PMCGrab _is_ a context-engineering tool: it converts messy XML into **clean, section-aware, UTF-8 JSON** that slots directly into embeddings, vector stores, or prompt templates. No preprocessing gymnastics, no guessing where the Methods section starts, no hallucinations from half-garbled text. Better input → better retrieval → better answers.
---
## Why PMCGrab Beats Home-Grown Scripts
1. **Section-Aware Parsing**
Detects IMRaD plus custom subsections like _Statistical Analysis_-crucial for accurate retrieval scoring.

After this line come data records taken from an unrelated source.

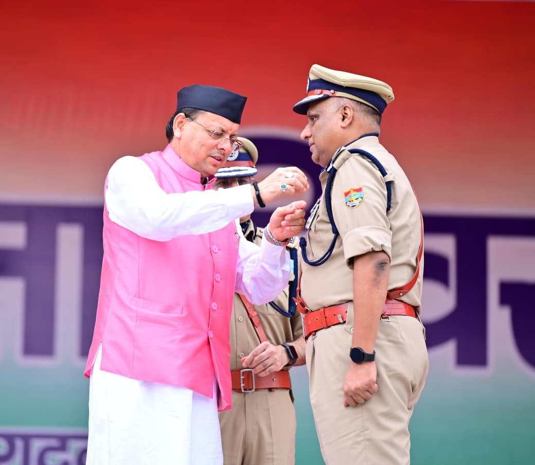 मुख्यमंत्री ने कार्यक्रम के दौरान अपर पुलिस महानिदेशक अजय प्रकाश अंशुमान को राष्ट्रपति विशिष्ट सेवा पदक से सम्मानित किया। सेवा के आधार पर मुख्यमंत्री सराहनीय सेवा पदक से श्वेता चौबे, सेनानायक आईआरबी द्धितीय देहरादून, योगेश चन्द्र पुलिस उपाधीक्षक, विपिन चन्द्र पाठक, निरीक्षक नागरिक पुलिस, नरेन्द्र सिंह बिष्ट, निरीक्षक नागरिक पुलिस, राकेश चन्द्र भट्ट, उप निरीक्षक नागरिक पुलिस, अजय प्रकाश सेमवाल, लीडिंग फायरमैन और सुनीत कुमार, मुख्य आरक्षी को सम्मानित किया गया।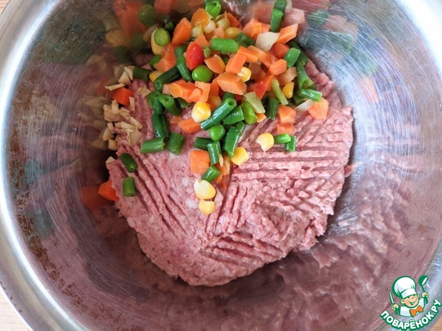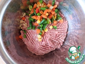 Добавляем к фаршу свежие или замороженные порезанные овощи. У меня уже готовая замороженная Мексиканская смесь из овощей. Кладём мелкорубленный чеснок.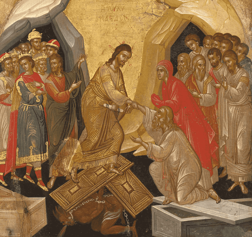 Chapter 8 has Christ raising Adam from the underworld as well as the other saints and prophets. Pictured above is an icon of that scene and it is quite a popular icon in the Eastern Orthodox tradition. Below the feet of Christ is the broken down gates of Hades.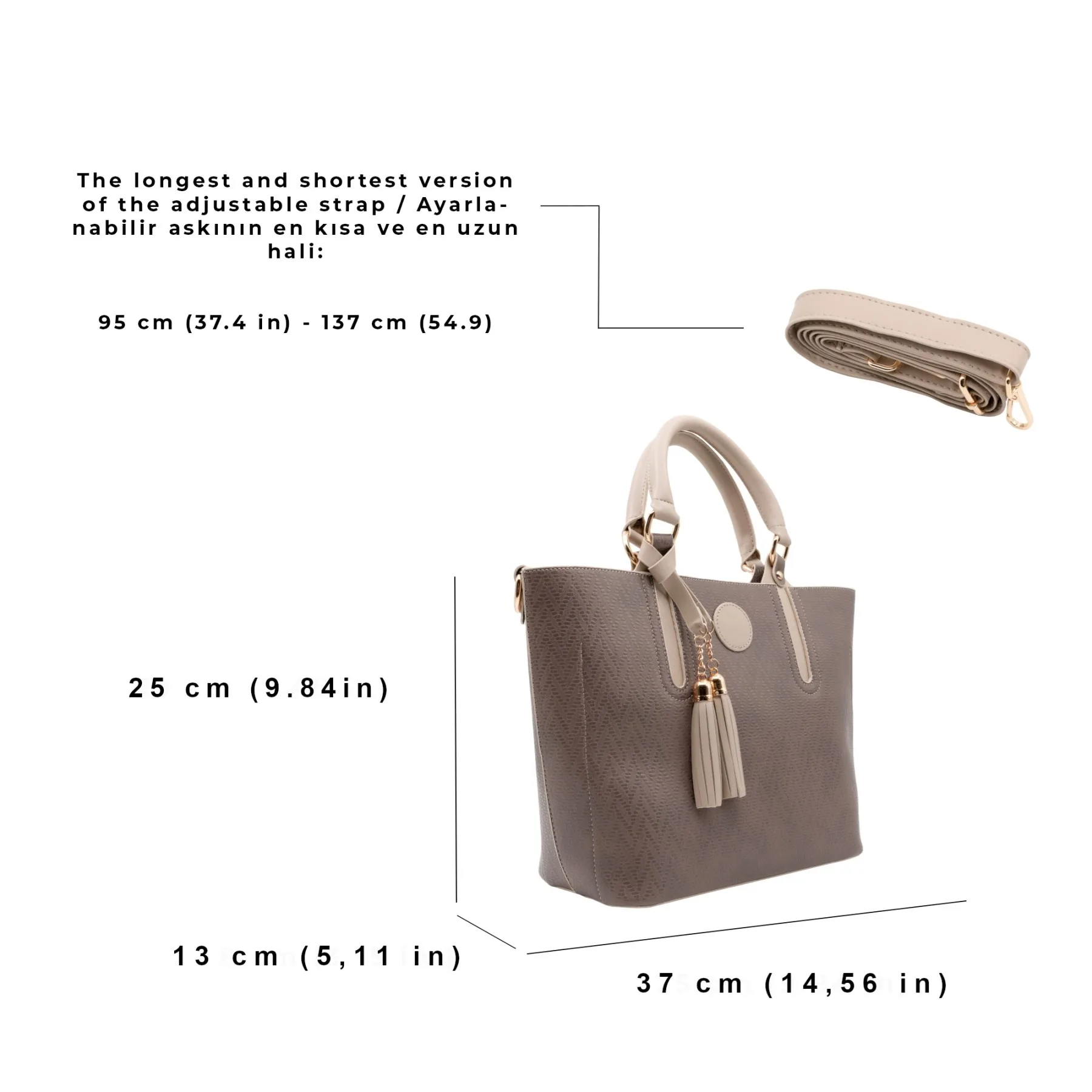 El ve Omuz çantası olarak kullanılabilir. Askısı mevcuttur.

2. **Resilient XML Cleaning**
Removes cross-refs and figure stubs without dropping scientific content, preserving token-level fidelity for embeddings.
3. **True Concurrency**
`--workers` fan-outs across all CPU cores; automatic email rotation respects NCBI rate limits so large harvests don’t throttle.
4. **Modern Python Stack**
Type-safe (`mypy`), linted (`ruff`), CI-checked on Ubuntu, macOS, and Windows.
---
## Proof at a Glance
| Metric | Value |
| --------------------------- | ------------------ |
| Unit tests | **218** |
| Branch coverage | **95 %** |
| Section detection accuracy | **98 %** |
| Median parse time / article | **3.1 s** |
| Largest batch processed | **7,500 articles** |
---
## Promise to you
If PMCGrab doesn’t save you hours on day one, delete it-no questions asked.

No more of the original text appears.